Salían ya de la calle de San Juan. Rebasaron el Ayuntamiento y a la altura de la catedral se encontraron con un grupo de milicianos, hombres y mujeres, que debían de dirigirse hacia la plaza Alta. Eran todos muy jóvenes y venían cantando a grandes voces. Más de uno estaba ya completamente borracho, lo que al día siguiente mermaría en grado significativo su poca o mucha capacidad combativa. También en eso los de enfrente eran más listos, se dijo Faura. Los regulares, como buenos musulmanes, eran en su mayoría abstemios, y a los legionarios, que estarían recogidos, y no desparramados de cualquier manera por las calles, les darían algo de ginebra justo antes de entrar en acción, para que el alcohol sirviera para enardecerlos durante el asalto.
– Salud -dijo el que encabezaba el grupo.
– Salud -respondieron Faura y Ramírez.
– Y sin embargo -dijo Ramírez, una vez que los dejaron atrás-, muchos de esos chavales creen de corazón en sus ideas y están dispuestos a sacrificarse.
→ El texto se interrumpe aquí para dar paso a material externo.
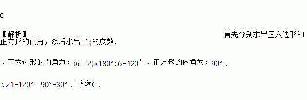 如图,边长相等的正方形、正六边形的一边重合,则∠1的度数为( )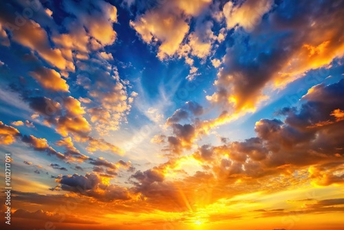 Fototapeta premium Forced perspective sunset with orange yellow sunlight on blue sky background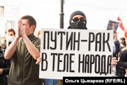 В шествии снова люди скандировали "Путин – вор", "Живе Беларусь", "Полицаи – дармоеды", "Камчатка, мы с тобой", "Путин, выпей чаю", "Трутнева и Дегтярева – в Лефортово!", "Европа, вводи санкции!".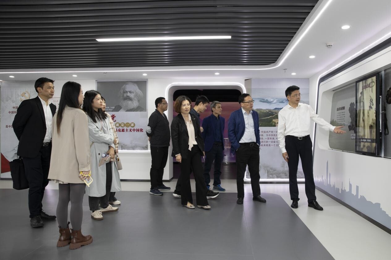 丁有波陪同调研组一行参观了党建阵地、虚拟演播室、“发现校园之美”展览”等。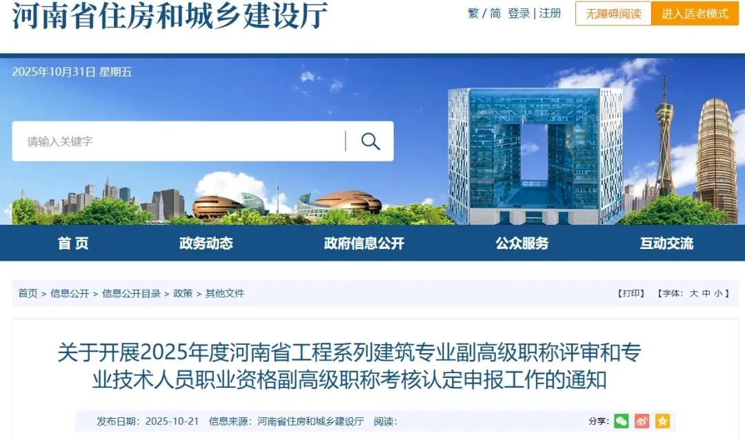 去年10月,河南住建厅发布了《关于开展2025年度河南省工程系列建筑专业副高级职称评审和专业技术人员职业资格副高级职称考核认定申报工作的通知》。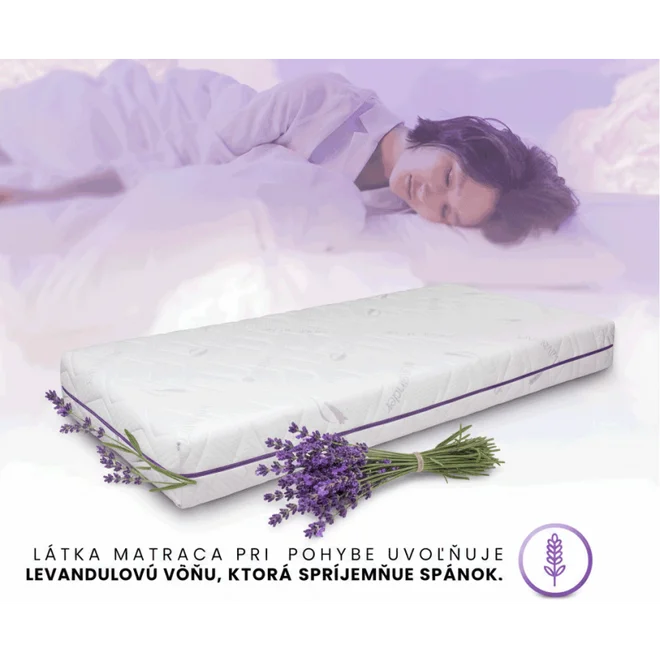 Ortopedický matrac Lema Levanduľa – spája pohodlie, aromaterapiu a ortopedickú podporu chrbtice. Jadro vytvorené z orthoDreamPUR peny s mikromasážnou štruktúrou zlepšuje prekrvenie a uvoľňuje svaly, zatiaľ čo levanduľové mikrokapsule prinášajú jemnú vôňu a upokojujúce účinky.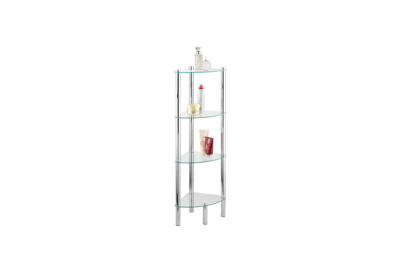 Regál DIDIER 2. Praktické využitie v modernom štýle. Vyrobený je z kovu v striebornom dekore. Poskytne dostatok priestoru na odkladanie vecí. Regál tvoria celkom štyri otvorené police z priehľadného tvrdeného bezpečnostného skla so štýlovým rohovým dizajnom. Regál stojí na vyšších pevných nohách pre väčšiu stabilitu. Vhodný do kúpeľní alebo obývacích izieb.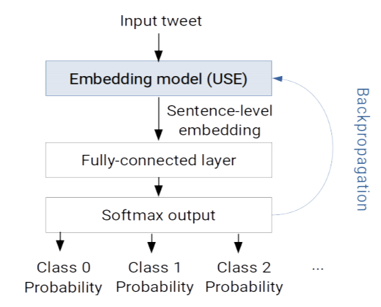 아래의 모델 아키텍쳐는 우리가 흔히 알고 있는, classification model의 형태이다. sentence embedding 모델 위해 full-connected layer를 얹어 output dimension을 우리가 타겟팅하는 라벨의 갯수 차원으로 맞춰주고, softmax regression하면서, pre-trained 된 sentence embedding까지 학습을 시키게 되면, 라벨 정보를 담고 있는 문장 임베딩을 가지게 된다.

A alguno ya le hemos visto hacerlo, tú y yo.
– Porque el ser humano tiende luego, misteriosamente, a ser generoso cuando lo llevas al límite -observó Faura-. No imaginas lo que llegué a ver en África, y de qué gente. Pero la vida no se hace en el límite, ni ahí se arreglan las cosas. Buscar el límite es una majadería.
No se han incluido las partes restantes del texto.